Pernyataan itu disampaikan oleh Ketua DPP PDIP Djarot Saiful Hidayat, yang menekankan bahwa jabatan Sekjen belum akan diganti hingga partai menggelar kongres.
“Posisi Mas Hasto masih sebagai Sekjen hingga kongres mendatang. Soal pergantian, semuanya akan dibahas dalam forum kongres,” kata Djarot saat ditemui di Kantor DPP PDIP, Jalan Diponegoro, Jakarta, Minggu 27 Juli 2025.

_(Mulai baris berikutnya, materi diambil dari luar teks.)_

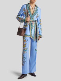 Wraparound-style jacket with detachable waist belt. Made from pure silk twill and lined with the same material, this garment features a contrasting, placed floral Paisley print and a micro medallion motif along the outer edges and on the belt. • Regular fit • Fastened with detachable belt • Patch pockets on the front • Made in Italy • The model is 5' 9½" (177 cm) tall and wears a size 40 PRODUCT DETAILS • 100% silk • Lining: 100% silk

Djarot juga memastikan bahwa tidak ada perubahan pada posisi Ketua Umum. Ia menyebut hasil Rakernas sebelumnya telah memutuskan Megawati Soekarnoputri tetap memimpin PDIP untuk periode 2025–2030.
“Kongres nanti hanya akan mengesahkan keputusan Rakernas, yang sudah bulat mendukung Ibu Megawati sebagai Ketua Umum,” jelasnya.
Sementara itu, kasus hukum yang menjerat Hasto bermula dari dugaan keterlibatannya dalam suap kepada mantan Komisioner KPU Wahyu Setiawan. Suap tersebut berkaitan dengan upaya mengurus pergantian antarwaktu (PAW) anggota DPR periode 2019–2024 demi kepentingan Harun Masiku.
Ketua Majelis Hakim Rios Rahmanto menjatuhkan vonis 3 tahun 6 bulan penjara kepada Hasto, karena dinilai melanggar Pasal 5 ayat (1) huruf a Undang-Undang Tipikor, jo Pasal 55 ayat (1) ke-1 KUHP, jo Pasal 64 ayat (1) KUHP.
Meski demikian, hakim menyatakan Hasto tidak terbukti menghalangi penyidikan sebagaimana dimaksud dalam Pasal 21 UU Tipikor. Namun, tidak ditemukan alasan pembenar atau pemaaf dalam perkara tersebut.
“Hukuman ini dijatuhkan karena tidak ada alasan hukum yang membebaskan terdakwa dari tanggung jawabnya,” kata hakim saat membacakan putusan.
Dengan demikian, status Hasto di struktur PDIP belum berubah, dan seluruh proses reorganisasi akan mengikuti keputusan resmi dalam kongres partai selanjutnya.